# Ada 45p new scape



## buttons (28 Jan 2020)

Just sharing my hard scape on my new Ada 45p, got to order plants next. 

Plants I think will be are, bottom left section - cube or Monte Carlo, back left section - mini hair grass, back a mix of rotala stems for a bush effect, buce on the stones and some moss or mini on the wood. 

Thinking of doing an journal on this scape. 











Sent from my iPhone using Tapatalk


----------



## Ryan Thang To (28 Jan 2020)

Good job mate. I like it. Going to be hard to keep that sand clean unless you don't have any shrimp lol

Cheers
Ryan


----------



## buttons (28 Jan 2020)

Ryan Thang To said:


> Good job mate. I like it. Going to be hard to keep that sand clean unless you don't have any shrimp lol
> 
> Cheers
> Ryan



Thank you. 

The sand is only kiln sand that I had laying around, it can be easily replaced if it becomes a pain. The plan was small gravel originally. 

I will be adding shrimp but it is mainly going to be home for my betta. 

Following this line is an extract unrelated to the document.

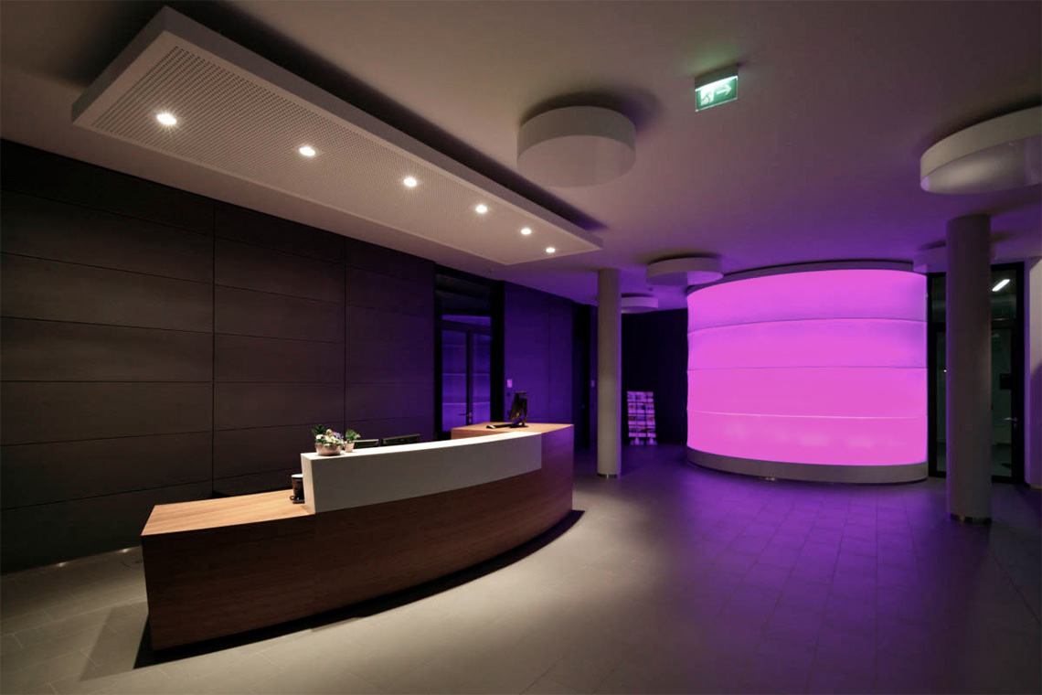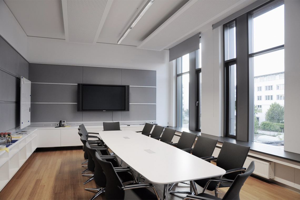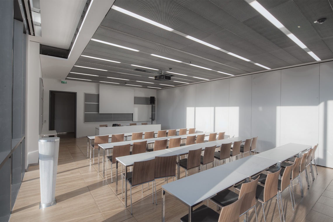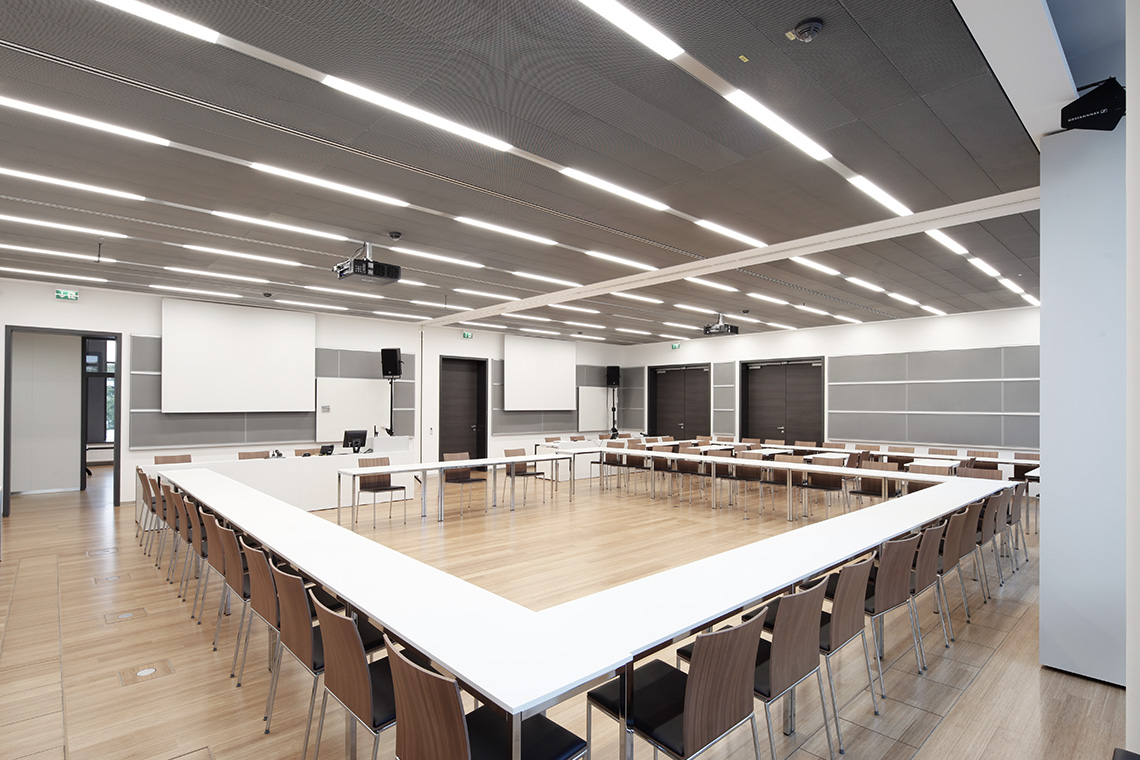 Durch den Neubau entsteht ein winkelförmiges Gebäudeensemble. So wird der Außenbereich neu definiert und qualitativ verbessert. Der Haupteingang liegt im großzügigen und hellen Foyerbereich mit Galerie, die zu den Seminar- und Besprechungsräumen führt. Der Neubau schließt mit einem witterungsgeschützten Durchgang an ein bestehendes Gebäude an.

Sent from my iPhone using Tapatalk


----------



## Ryan Thang To (28 Jan 2020)

Lucky betta


----------



## buttons (28 Jan 2020)

Ryan Thang To said:


> Lucky betta



Most definitely 

He’s a beaut so he deserves a lovely home. 




Sent from my iPhone using Tapatalk


----------



## Deano3 (28 Jan 2020)

I like it aswel looks good, defently do a journal on the scape as so helpful and keeps us updated.

Looks good though looking forward to seeing it planted. 

Dean

Sent from my SM-G970F using Tapatalk


----------